§ **What is required**:
Retype only what runs from the first line of the listing to the line holding "Close-up of a", both included. Do not retype the pictures.

§ **Stored data**:
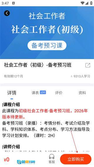 你可以在软件首页找到【社会工作者-备考预习班】的课程入口,点击该入口就能进入课程详情页。
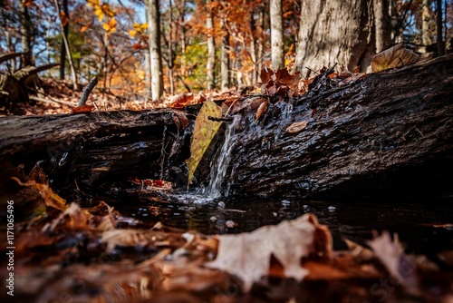 Close-up of a small stream flowing over fallen leaves and logs in an autumn forest.
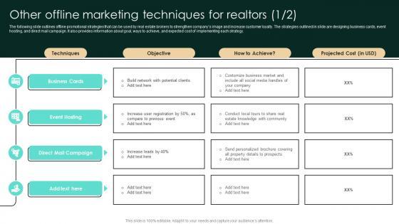 The following slide outlines offline promotional strategies that can be used by real estate brokers to strengthen companys image and increase customer loyalty. The strategies outlined in slide are designing business cards, event hosting, and direct mail campaign. It also provides information about goal, ways to achieve, and expected cost of implementing each strategy. Slidegeeks is one of the best resources for PowerPoint templates. You can download easily and regulate Other Offline Marketing Techniques For Realtors Strategic Real Estate Structure Pdf for your personal presentations from our wonderful collection. A few clicks is all it takes to discover and get the most relevant and appropriate templates. Use our Templates to add a unique zing and appeal to your presentation and meetings. All the slides are easy to edit and you can use them even for advertisement purposes. The following slide outlines offline promotional strategies that can be used by real estate brokers to strengthen companys image and increase customer loyalty. The strategies outlined in slide are designing business cards, event hosting, and direct mail campaign. It also provides information about goal, ways to achieve, and expected cost of implementing each strategy.
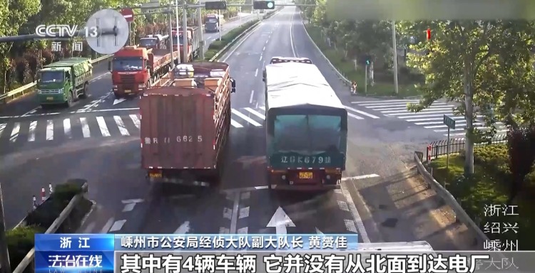 嵊州市公安局经侦大队副大队长 黄赟佳:其中有4辆车辆并没有从北面到达电厂,而是从嵊州东边的高速口下高速,然后再往回走。我们认为这个行为不但增加了路程,而且从北面到东面又会增加10元钱的高速费,这是非常反常的。

§ **Response to this task**:
 你可以在软件首页找到【社会工作者-备考预习班】的课程入口,点击该入口就能进入课程详情页。
 Close-up of a small stream flowing over fallen leaves and logs in an autumn forest.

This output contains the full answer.